The change came at around 9:30 Monday morning, when the New Jersey Department of Health announced that Hickox, the nurse from northern Maine who was held in a medical tent at University Hospital in Newark since arriving back in the U.S., would be released, pending CDC approval.

The mention of approval was superfluous, since the CDC had said all along that the practice of quarantining all health care personnel who'd worked on Ebola cases, no matter their health status, was detrimental to the cause of stopping the deadly epidemic.  The quarantine plan was implemented last Friday by Govs. Christie and Andrew Cuomo of New York.

By Friday, Cuomo had altered his state's quarantine policy, after the White House had encouraged a change.  Cuomo declared that non-symptomatic health care workers who'd helped Ebola patients would be required to quarantine at home for 21 days, rather than in hospitals.

Christie, on the other hand, did not change at first, much to the annoyance of Nurse Hickox.

"I heard from my mother," Hickox said in a telephone interview with CNN from her quarantine tent on Sunday, "[she said] 'Governor Christie just said [in another interview], you were 'obviously ill.''"

"First of all," Hickox continued, "I don't think he's a doctor. Secondly, he's never laid eyes on me.  Thirdly, I have been asymptomatic since I've been here [in the U.S.] I feel, physically, completely strong."

"I think we have to be very careful," she went on, "about letting politicians make medical and public health decisions ... It's really inhumane."

Gov. Christie was in Florida on Monday, stumping for Republican governor Rick Scott, who's facing a tough re-election battle.  But the battle between Christie and Hickox forced Christie to address her situation, even though he was on the road.

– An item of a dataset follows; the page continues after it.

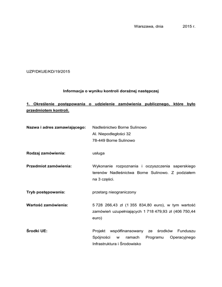 Warszawa, dnia 2015 r. UZP/DKUE/KD/19/2015 Informacja o wyniku kontroli doraźnej następczej 1. Określenie postępowania o udzielenie zamówienia publicznego, które było przedmiotem kontroli. Nazwa i adres zamawiającego: Nadleśnictwo Borne Sulinowo Al. Niepodległości 32 78-449 Borne Sulinowo Rodzaj zamówienia: usługa Przedmiot zamówienia: Wykonanie rozpoznania i oczyszczenia saperskiego terenów Nadleśnictwa Borne Sulinowo. Z podziałem na 3 części. Tryb postępowania: przetarg nieograniczony Wartość zamówienia: 5 728 266,43 zł (1 355 834,80 euro), w tym wartość zamówień uzupełniających 1 718 479,93 zł (406 750,44 euro) Środki UE: Projekt współfinansowany Spójności w ramach Infrastruktura i Środowisko ze środków Programu Funduszu Operacyjnego A. Opis i kwalifikacja prawna naruszeń 1. W rozdziale XII SIWZ „Kryteria oceny ofert oraz ich znaczenie oraz sposób oceny ofert” w pkt 5 określone zostało kryterium „Okres gwarancji jakości wykonania usługi” (mierzone ilością miesięcy). Ww. kryterium zostało doprecyzowane poprzez następujące podpunkty: a) Oferowany okres gwarancji Wykonawca wskaże w formularzu oferty (Zał. Nr 1 do SIWZ), b) Maksymalny okres gwarancji, jakie może zostać zaoferowany przez wykonawcę wynosi 84 miesiące. c) Minimalny okres gwarancji, jakie może zostać zaoferowany przez wykonawcę wynosi 60 miesięcy. d) Oferty Wykonawców, którzy zaoferowali okres gwarancji krótszy niż 60 miesięcy zostaną odrzucone jako niezgodne z treścią SIWZ. e) W przypadku ofert Wykonawców, którzy zaoferowali okres gwarancji dłuższy niż 84 miesiące, Zamawiający do ich oceny przyjmie, że Wykonawca zaoferował maksymalny dopuszczalny okres gwarancji, tj. 84 miesiące. f) Ocena punktowa oferty w tym kryterium zostanie przeprowadzona zgodnie z następującą formułą g) Jeżeli złożona oferta w danym kryterium jest najmniej korzystną lub równa się ofercie najmniej korzystniej – otrzymuje ona 0 pkt. h) Jeżeli oferta jest najkorzystniejsza lub równa ofercie najkorzystniejszej – otrzymuje maksymalną liczbę punktów – równą wadze kryterium, tj. 5 pkt. i) Jeżeli wszystkie oferty są równe – wszystkie otrzymują maksymalną liczbę punktów równą wadze kryterium, tj. 5 pkt. j) Jeżeli złożona oferta jest ofertą pośrednią (pomiędzy ofertą najmniej korzystną, a najkorzystniejszą) – jej wartość punktowa obliczana jest w następujący sposób: G= Gobliczana – Gmin Gmax – Gmin x 5% x 100 pkt gdzie: Gobliczana – okres gwarancji zaoferowany przez Wykonawcę, Gmax – najdłuższy okres gwarancji spośród złożonych ofert (będzie to oferta najkorzystniejsza w tym kryterium), Gmin – najkrótszy okres gwarancji spośród złożonych ofert (będzie to oferta najmniej korzystna w tym kryterium). 2 Przyjmuje się, że 1% = 1 pkt i tak zostanie przeliczona liczba punktów w kryterium oceny ofert. Z treści formularza ofertowego, jak i istotnych postanowień wzoru umowy stanowiącego załącznik nr 11 do SIWZ w rozdziale XI § 18 „Gwarancja jakości” należy wnosić, że zobowiązanie z tytułu gwarancji stanowić miało istotny element umowy określającej wzajemne prawa i obowiązki stron. W formularzu ofertowym złożonym przez wykonawcę G., na stronie drugiej znajdował się między innymi zapis: „Oferujemy gwarancję jakości wykonania usługi na okres ….. miesięcy liczonych od daty odbioru prac (tj. podpisania końcowego protokołu odbioru prac)”. Mając na uwadze powyższe należy stwierdzić, że wykonawca składający ofertę pominął istotny element w postaci deklarowanego okresu gwarancji, który zgodnie z oczekiwaniem zamawiającego powinien wynosi co najmniej 60 miesięcy. Do decyzji wykonawcy pozostawiono wskazanie takiego okresu, które to wskazanie bez wątpienia jest elementem oświadczenia woli wykonawcy zawartym w ofercie. Dodatkowo należy zauważyć, że z całej treści dokumentacji ofertowej nie można wywnioskować, jaki okres gwarancji oferuje wykonawca w ramach umowy, którą zamierza zawrzeć. Zgodnie z art. 89 ust. 1 pkt 2 ustawy Pzp zamawiający odrzuca ofertę, jeżeli jej treść nie odpowiada treści specyfikacji istotnych warunków zamówienia, z zastrzeżeniem art. 87 ust. 2 pkt 3 ustawy Pzp. Reasumując należy stwierdzić, iż wykonawca poprzez brak wskazania okresu gwarancji de facto nie udzielił tejże gwarancji jakości wykonania usługi. Tym samym poprzez brak dokonania czynności odrzucenia ww. oferty jako niezgodnej z SIWZ zamawiający dopuścił się naruszenia art. 89 ust. 1 pkt 2 ustawy Pzp. 2. Jak wynika z dokumentacji postępowania, przedmiotem niniejszego postępowania było wykonanie rozpoznania i oczyszczenia saperskiego terenów Nadleśnictwa Borne Sulinowo. Warunkiem udziału w postępowaniu, jakiego wymagał zamawiający było należyte wykonanie „usługi na powierzchni łącznej, co najmniej 70 ha w zakresie oczyszczania terenu z przedmiotów wybuchowych, polegających na ich wykryciu, usunięciu i zniszczeniu. Co najmniej jedna usługa winna być wykonana na powierzchni minimum 20 ha”. W celu potwierdzenia spełniania warunku udziału w postępowaniu, wykonawca złożył formularz: „Wykaz głównych usług”, w którym oświadczył, iż w okresie od kwietnia do czerwca 2014 r. dokonał „rozpoznania i oczyszczania saperskiego terenu z przedmiotów wybuchowych o pow. 157,47 ha dla zamawiającego RDLP w Poznaniu”. 3 Dla potwierdzenia powyższego oświadczenia, wykonawca załączył referencje z dnia 30 czerwca 2014 r. wystawione przez RDLP w Poznaniu, z których wynika, że „firma G. (…), jest firmą, która wykonywała usługi z zakresu rozpoznania i oczyszczenia saperskiego terenu w ramach dotacji unijnej – projektu „Rekultywacja na cele przyrodnicze (…)”. Oczyszczanie zostało przeprowadzone w okresie kwiecień-czerwiec 2014 r. i objęło nadleśnictwa nadzorowane przez Regionalną Dyrekcję Lasów Państwowych w

“I know she didn’t want to be there, no one ever wants to be in the hospital, I suspect," said New Jersey's governor.  "And so I understand that. But the fact is I have a much greater, bigger responsibility to the people and the public and so I think when she has time to reflect she will understand that as well.”

She may be reflecting during her trip back home to the U.S. - Canadian border.  Hickox's home, in Ft. Kent, Maine, is a twelve hour drive from Newark, without stops for gas and food, and is on the St. John River, which separates the two countries.

When she left University Hospital in Newark at 1:20 p.m., very few of the dozens of gathered journalists saw her unmarked black SUV depart.  The vehicle was apparently owned by an ambulance company.

Minutes after her departure, the White House made official statements about her situation, and about the policies it hopes will prevent another case like hers.

"These kinds of policies should be driven by science and the best scientific advice that is available," said Josh Earnest, White House press secretary, in a mid-afternoon news conference.  "We have experts at the Centers for Disease Control and at HHS that have been dealing with ebola outbreaks for decades now.  And there is a body of medical science and research that should guide the implementation of these policies.  And we're going to work closely with states and localities to do exactly that."